Para uma perspetiva internacional, poderíamos voltar, ainda, ao artigo do New Statesman, onde se refere que um gestor britânico, em média, recebe 15 mil libras por dia. Olhando os números, não será de todo absurdo incluir todas estas funções nas discussões sobre o que e como poderá ser o futuro do trabalho.
O que esta automatização promete é uma poupança na ordem dos milhares de milhões e, se a promessa de o ChatGPT ser todo-poderoso alguma vez se confirmar, uma redução enorme no risco de incorrer em erros que levem a crises financeiras com desastrosas consequências sociais. Afinal, não será um computador melhor a avaliar risco com base em probabilidades do que um humano? Contudo, esta ideia não deverá ser nova para CEOs a quem as assistentes conseguem libertar tempo suficiente para ler livros como Thinking, Fast and Slow, onde o autor afirma que o processo de tomada de decisões das pessoas é baseado em preconceitos e assunções irracionais. O neurocientista Vinod Goel, especialista em cognição, não fica aquém desta ideia quando diz que “apesar de sermos animais racionais, explicar o comportamento humano do mundo real apenas em termos de racionalidade não nos leva muito longe. Temos de reconhecer que há sistemas não-racionais que também afetam o comportamento.”
A proposta deste texto é simples, e é, na verdade, a de não propor nada. Trata-se de pensar sobre possibilidade e de iniciar uma discussão que parece estar a ser constantemente adiada — se calhar, está a ser adiada há quase um século, pelo menos desde as previsões de 1930 de Keynes. Não haverá melhor forma de iniciar uma discussão do que com uma pergunta, também ela simples: se aplicássemos as profecias catastrofistas veiculadas pela imprensa ao contexto dos trabalhos ditos improdutivos, mais custosos, ou que lidam com probabilidade e não exatamente com informações factualmente certas? Os primeiros casos de aplicação desses mesmos princípios não estão a ser, evidentemente, entendidos pela informação empírica que nos proporcionam, mas apenas pelo factor novidade, como é o caso da AIsthetic Apparel.

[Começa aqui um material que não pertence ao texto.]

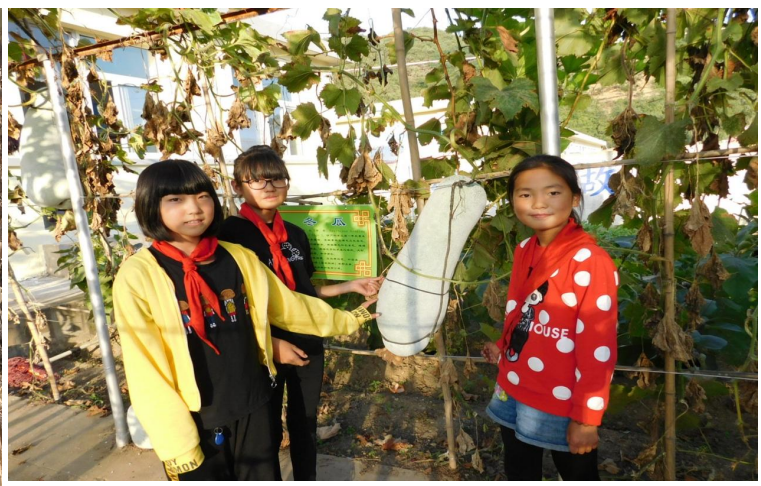
Left: Students from Liubozizixiaoxue School in the fields. Right: Crop yields from Toudaogou Xiaoxue School.

Estes exemplos parecem dizer que os CEOs não são imunes à discussão em torno da Inteligência Artificial, de tal modo que um modelo altamente falível conseguiu desempenhar o seu papel com moderado sucesso, precisando apenas de uma representação humana e dos seus contactos, mas não da sua capacidade executiva; isto é, a sua função é automatizável na mesma medida que as demais, talvez até com mais experiências feitas — o que, feitas as contas, poderia representar uma imensa poupança para as empresas. Se isto é, de facto, uma possibilidade, porque razão não está a ser seriamente considerada? Automatizar parte destas tomadas de decisão poderia ser o caminho para uma maior redistribuição de trabalho e rendimentos dentro das próprias organizações. Estaria Graeber, de facto, certo quando diz que quem quer aumentar a produtividade dificilmente está interessado em fazê-lo se a solução começar em si?
Pensando na previsão de Keynes, que nos prometeu a abundância e a possibilidade de nos debruçarmos sobre a arte de viver, é importante entender o que nos leva, enquanto sociedade, a temer o tempo livre na era da automatização, não apenas de processos físicos, mas de toda a produção por via da Inteligência Artificial. Seria de esperar que com o acesso a esta tecnologia mais democratizado, que a sua possibilidade de implementação fosse seriamente ponderada e que as suas tentativas de implementação visassem toda a atual estrutura laboral, não apenas algumas frentes, deixando nos tempos de há 100 anos atrás uma série de funções.